Exercise prompt: Return, with both end lines included, exactly what the data below holds from the line with "Vintage style art" through the line with "DETAILS OF PROPERTY: STATUS", though not the pictures.

Materials provided:
* * *

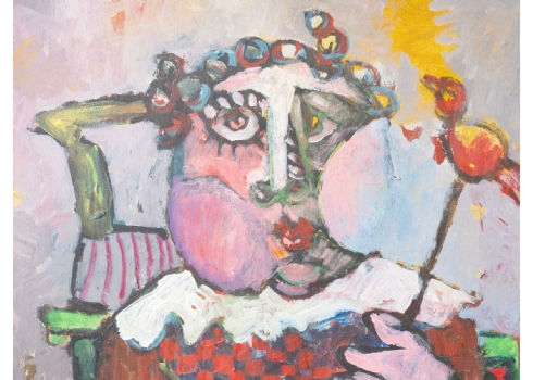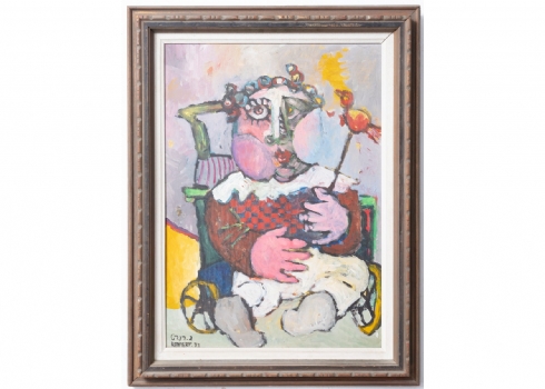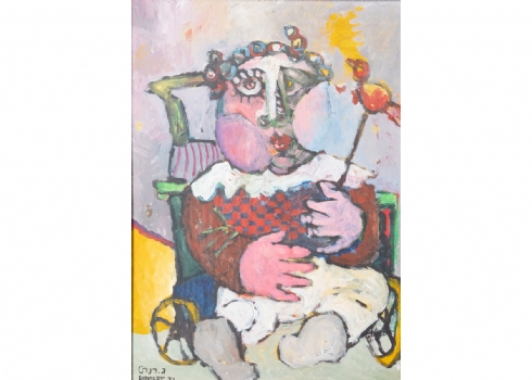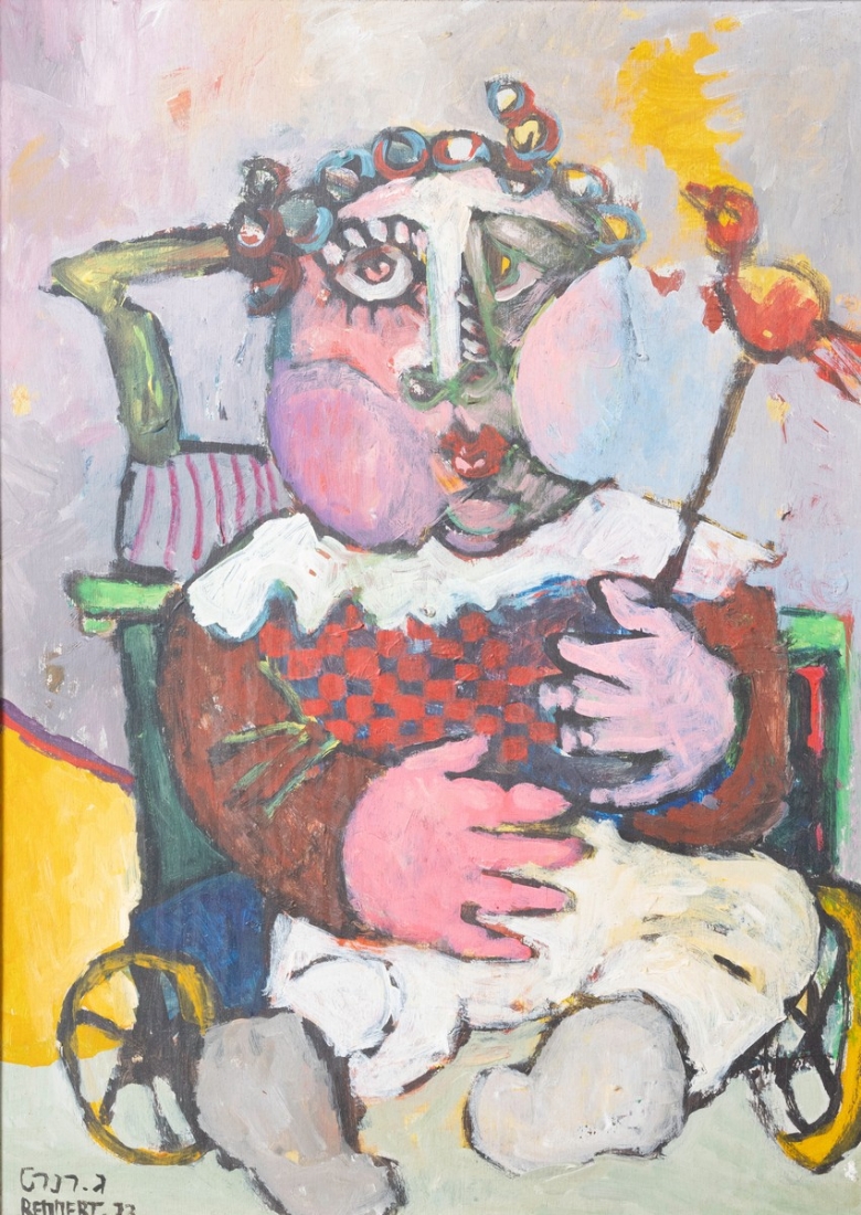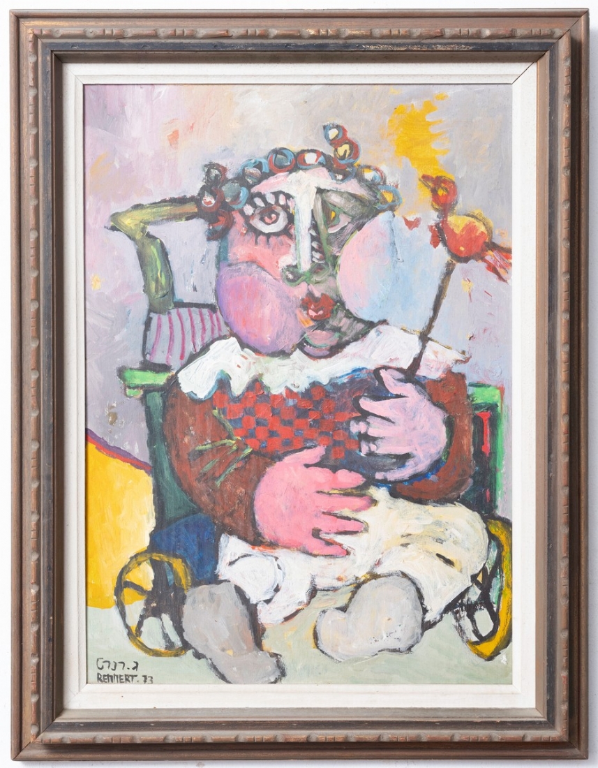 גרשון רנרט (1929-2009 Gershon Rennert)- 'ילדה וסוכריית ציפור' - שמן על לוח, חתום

* * *

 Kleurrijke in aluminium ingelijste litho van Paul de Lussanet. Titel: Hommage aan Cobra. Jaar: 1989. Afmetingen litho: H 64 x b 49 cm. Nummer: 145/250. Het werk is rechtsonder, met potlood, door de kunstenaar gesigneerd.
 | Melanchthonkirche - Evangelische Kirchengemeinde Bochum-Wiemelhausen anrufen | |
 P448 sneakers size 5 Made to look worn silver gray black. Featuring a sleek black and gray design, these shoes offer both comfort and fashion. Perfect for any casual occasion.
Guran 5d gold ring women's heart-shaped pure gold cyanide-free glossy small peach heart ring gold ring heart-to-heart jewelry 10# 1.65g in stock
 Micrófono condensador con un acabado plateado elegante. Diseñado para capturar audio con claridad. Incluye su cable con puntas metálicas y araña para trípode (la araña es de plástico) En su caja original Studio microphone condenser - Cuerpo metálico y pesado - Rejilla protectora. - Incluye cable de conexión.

* * *

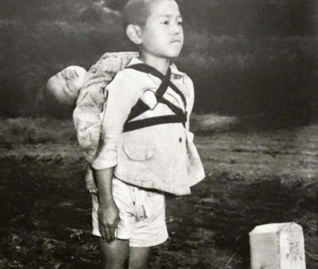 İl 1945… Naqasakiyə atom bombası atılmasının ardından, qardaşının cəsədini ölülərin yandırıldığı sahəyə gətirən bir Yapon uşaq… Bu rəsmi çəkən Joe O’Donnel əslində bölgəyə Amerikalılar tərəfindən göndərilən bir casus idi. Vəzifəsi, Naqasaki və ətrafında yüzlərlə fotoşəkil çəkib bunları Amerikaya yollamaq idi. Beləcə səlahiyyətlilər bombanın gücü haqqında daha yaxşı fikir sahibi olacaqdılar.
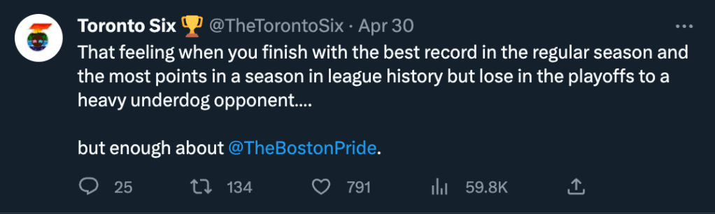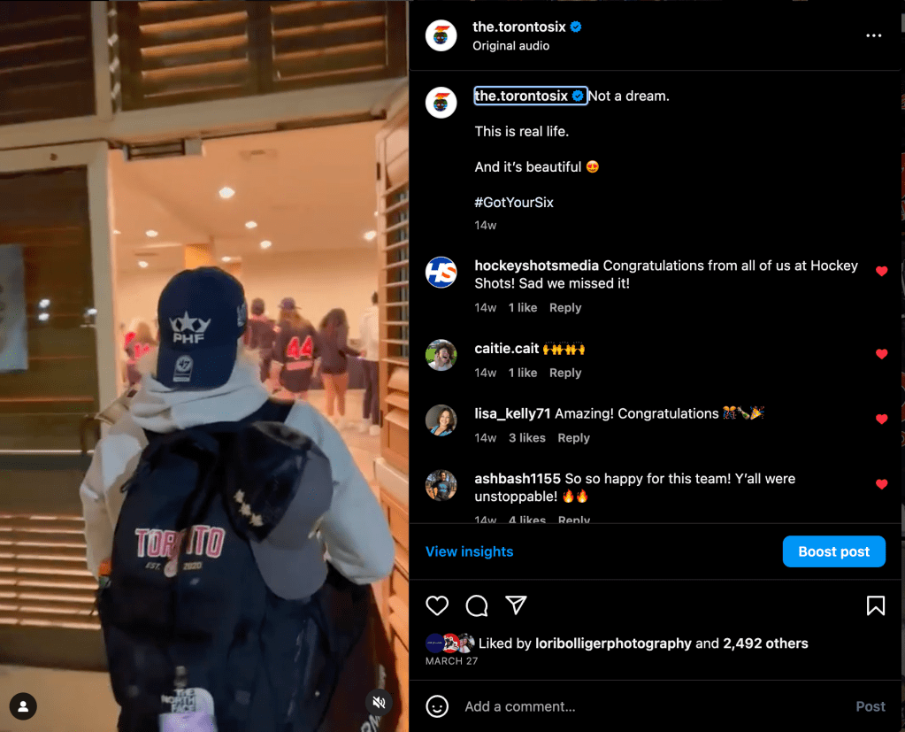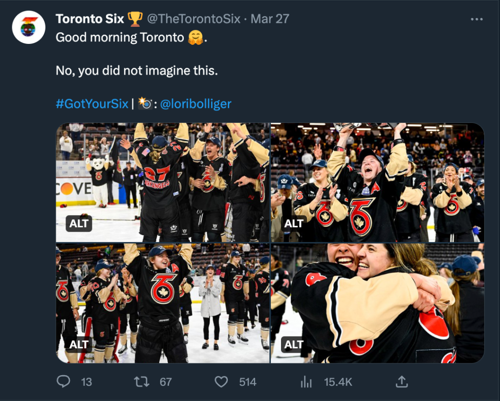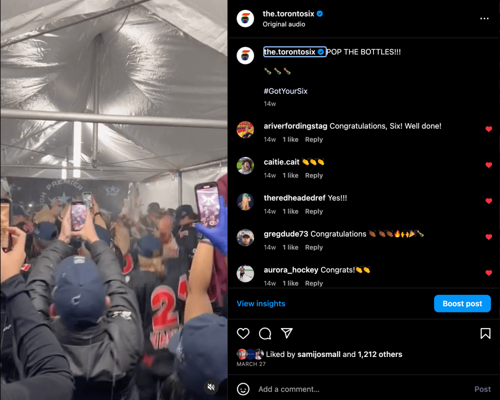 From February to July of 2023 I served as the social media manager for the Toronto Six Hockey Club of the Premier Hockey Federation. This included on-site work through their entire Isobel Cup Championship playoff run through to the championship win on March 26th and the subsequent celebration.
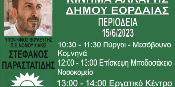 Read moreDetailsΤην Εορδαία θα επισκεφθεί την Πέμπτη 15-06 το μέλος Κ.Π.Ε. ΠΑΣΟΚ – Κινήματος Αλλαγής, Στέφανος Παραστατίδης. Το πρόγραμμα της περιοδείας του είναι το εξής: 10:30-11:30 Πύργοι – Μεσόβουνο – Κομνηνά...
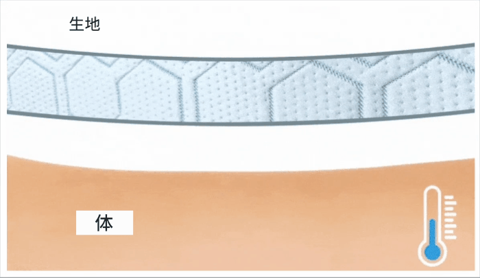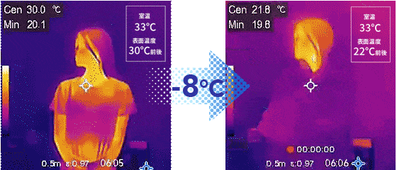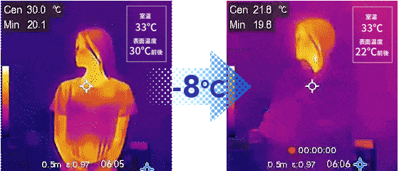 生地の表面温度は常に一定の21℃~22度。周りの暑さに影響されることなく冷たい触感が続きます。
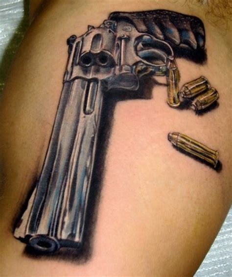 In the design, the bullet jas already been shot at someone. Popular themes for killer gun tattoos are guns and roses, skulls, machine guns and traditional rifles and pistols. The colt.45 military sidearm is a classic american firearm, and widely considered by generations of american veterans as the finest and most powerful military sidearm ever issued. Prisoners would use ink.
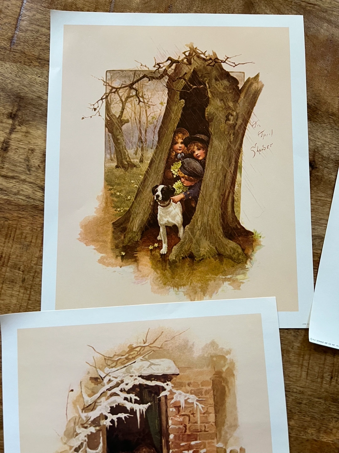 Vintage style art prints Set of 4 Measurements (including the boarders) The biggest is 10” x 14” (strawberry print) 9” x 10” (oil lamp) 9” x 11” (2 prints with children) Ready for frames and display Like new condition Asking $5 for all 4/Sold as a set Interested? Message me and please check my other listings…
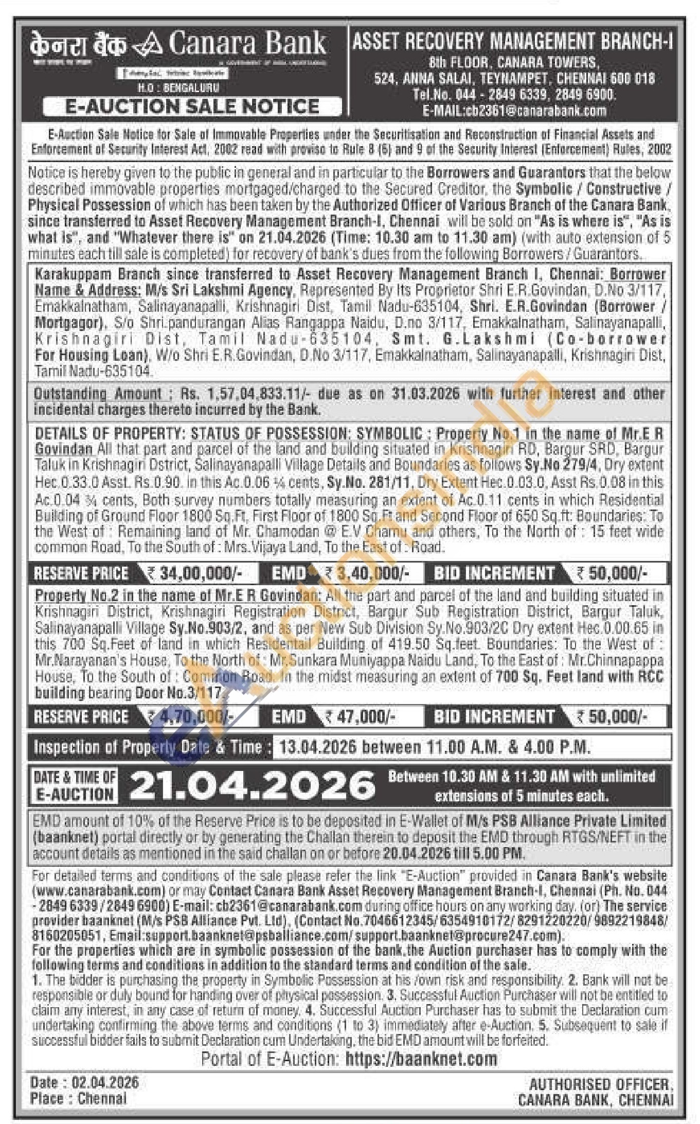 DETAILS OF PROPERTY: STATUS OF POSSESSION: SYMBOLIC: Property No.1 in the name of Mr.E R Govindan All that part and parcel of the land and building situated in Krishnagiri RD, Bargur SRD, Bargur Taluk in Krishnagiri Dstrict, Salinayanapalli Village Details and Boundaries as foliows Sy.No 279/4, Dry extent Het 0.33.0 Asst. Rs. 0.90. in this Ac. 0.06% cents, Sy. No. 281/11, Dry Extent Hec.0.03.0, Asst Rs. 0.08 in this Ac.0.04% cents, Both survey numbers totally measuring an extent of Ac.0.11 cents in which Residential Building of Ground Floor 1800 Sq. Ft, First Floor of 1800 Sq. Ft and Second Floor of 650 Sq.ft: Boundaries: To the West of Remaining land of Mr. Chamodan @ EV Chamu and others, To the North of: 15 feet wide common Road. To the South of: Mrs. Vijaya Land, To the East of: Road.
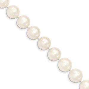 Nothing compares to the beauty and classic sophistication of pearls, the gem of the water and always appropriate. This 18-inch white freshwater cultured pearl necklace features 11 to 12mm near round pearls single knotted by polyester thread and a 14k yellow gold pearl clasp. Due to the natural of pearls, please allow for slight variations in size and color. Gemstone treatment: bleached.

* * *

Answer to this task:
 Vintage style art prints Set of 4 Measurements (including the boarders) The biggest is 10” x 14” (strawberry print) 9” x 10” (oil lamp) 9” x 11” (2 prints with children) Ready for frames and display Like new condition Asking $5 for all 4/Sold as a set Interested? Message me and please check my other listings…
 DETAILS OF PROPERTY: STATUS OF POSSESSION: SYMBOLIC: Property No.1 in the name of Mr.E R Govindan All that part and parcel of the land and building situated in Krishnagiri RD, Bargur SRD, Bargur Taluk in Krishnagiri Dstrict, Salinayanapalli Village Details and Boundaries as foliows Sy.No 279/4, Dry extent Het 0.33.0 Asst. Rs. 0.90. in this Ac. 0.06% cents, Sy. No. 281/11, Dry Extent Hec.0.03.0, Asst Rs. 0.08 in this Ac.0.04% cents, Both survey numbers totally measuring an extent of Ac.0.11 cents in which Residential Building of Ground Floor 1800 Sq. Ft, First Floor of 1800 Sq. Ft and Second Floor of 650 Sq.ft: Boundaries: To the West of Remaining land of Mr. Chamodan @ EV Chamu and others, To the North of: 15 feet wide common Road. To the South of: Mrs. Vijaya Land, To the East of: Road.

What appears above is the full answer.